= Gia'na Garel =

American writer and producer

Gia'na Garel is a writer, producer, filmmaker, composer and entertainment consultant based in New York City. From 2005 to 2009, she co-hosted an entertainment-oriented Air America Radio program, On the Real, with pioneer rap artist Chuck D.

In addition to screenwriting, she is author of the essay "The Sound of Freedom", co-wrote the essay "Record of Failure" with Chuck D, and had a show transcript: DMC; published in the 2006 New York Times bestselling anthology The Air America Playbook... alongside such personalities as Rachel Maddow, Al Franken, Janeane Garofalo, David Bender, and Robert F. Kennedy Jr.

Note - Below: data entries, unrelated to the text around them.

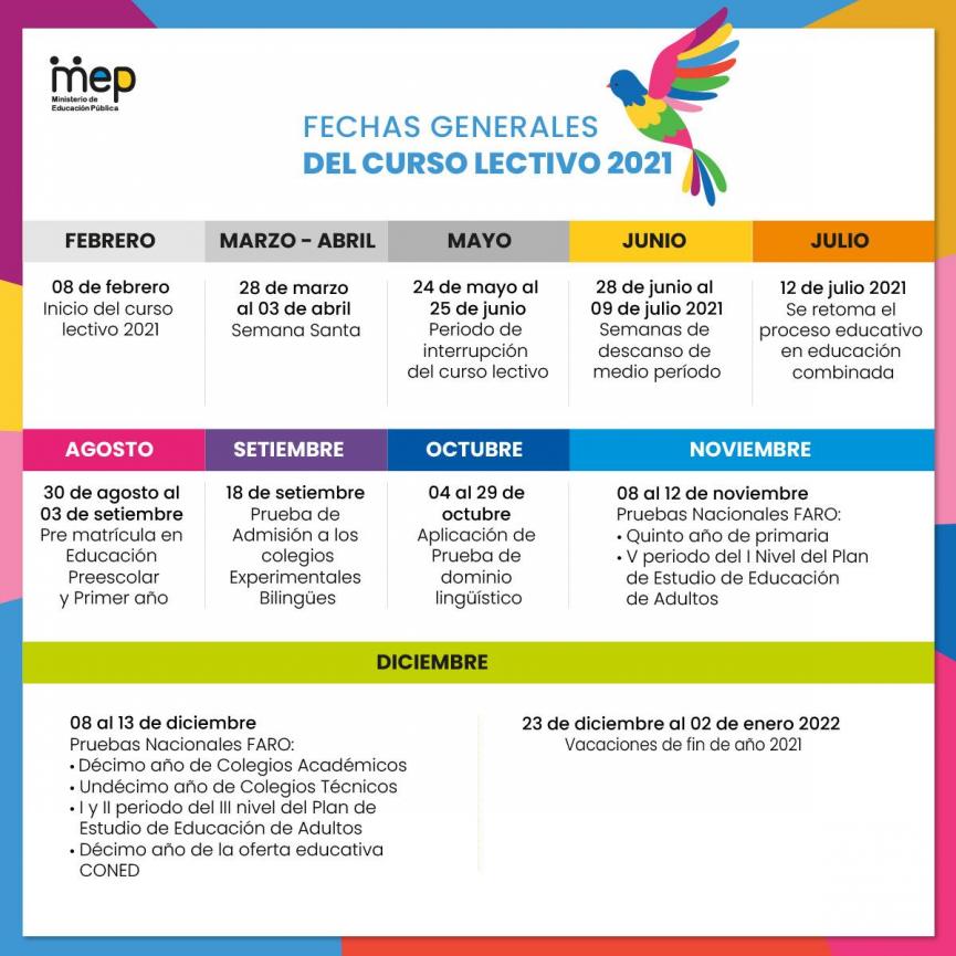 El MEP reorganizó el calendario de tal manera que se cumpla con los días lectivos al igual que todos los años. Las clases en educación combinada se retomarán el 12 de julio y hasta el 21 de enero de 2022.
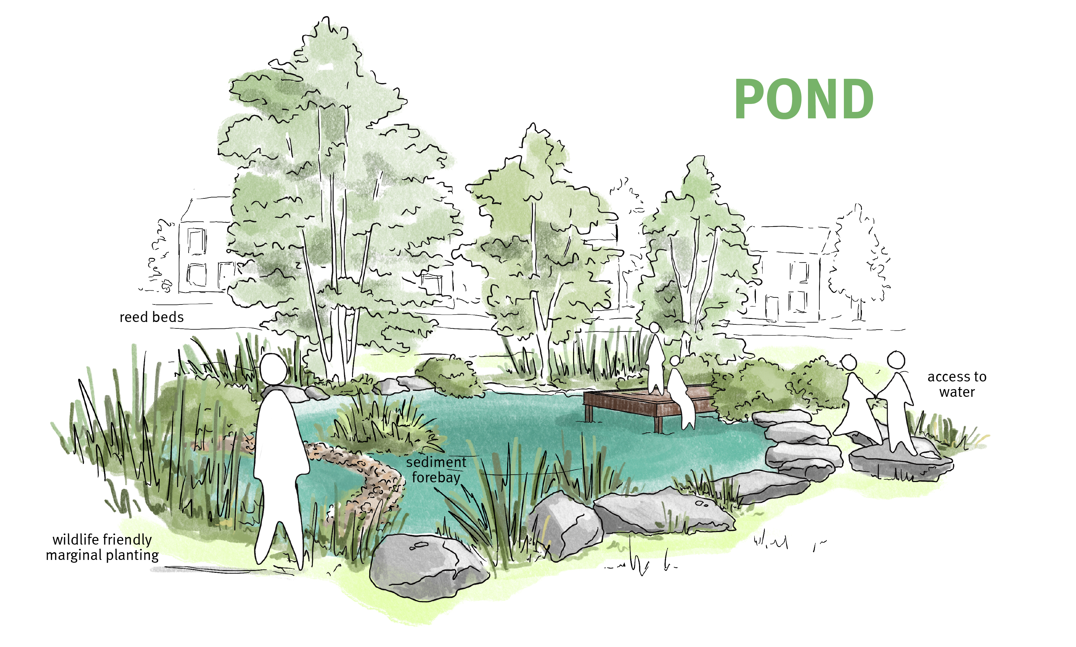 - Incorporation of a range of vegetation types including mosaics of marginal planting and grasses of various heights to act as a natural edge barrier. Reed beds provide further filtration. Dense vegetation can be considered on the side slopes to discourage wildfowl use. Where wildfowl use is to be encouraged, “bays” and breeding “islands” can be integrated into the shape of larger ponds. Trees and shrubs can be considered to create lightly shaded areas.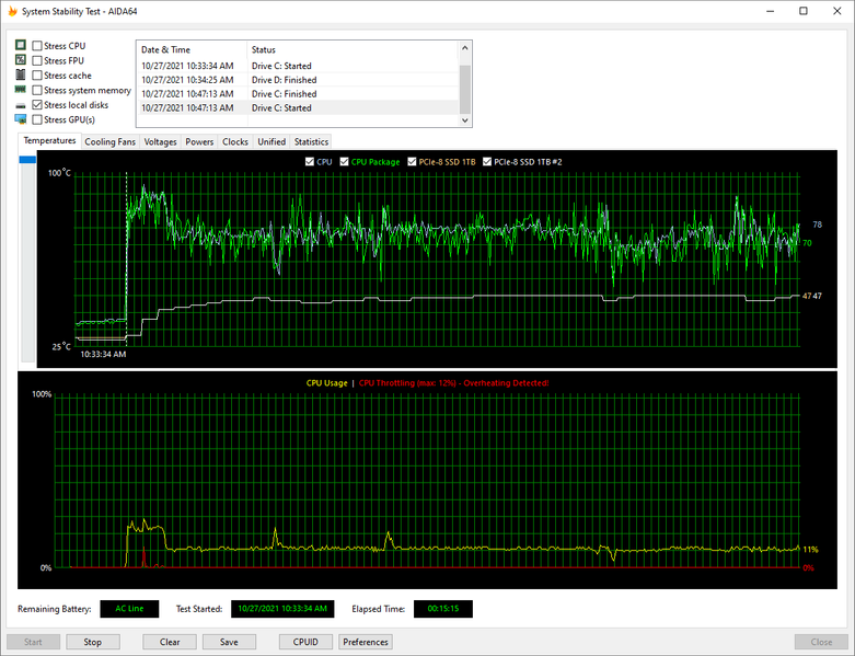 При работе ноутбука от аккумулятора мы получили следующие результаты стресс-теста.

She was mentioned in a roll call of female filmmakers in the books Black American Cinema by Manthia Diawara; and in Deep Sightings & Rescue Missions: Fiction, Essays, & Conversations by Toni Cade Bambara – edited by Toni Morrison.

Traveling internationally from the Middle East to Eastern Europe, she compiled audio documentaries and interviews, such as with Holocaust survivor Eva Kor on forgiveness and world peace, for her indie radio segments—"Everywhere with Gia’na Garel", in addition to others on music.

As of 2014, she also began announcing and voicing for Progressive Voices Network.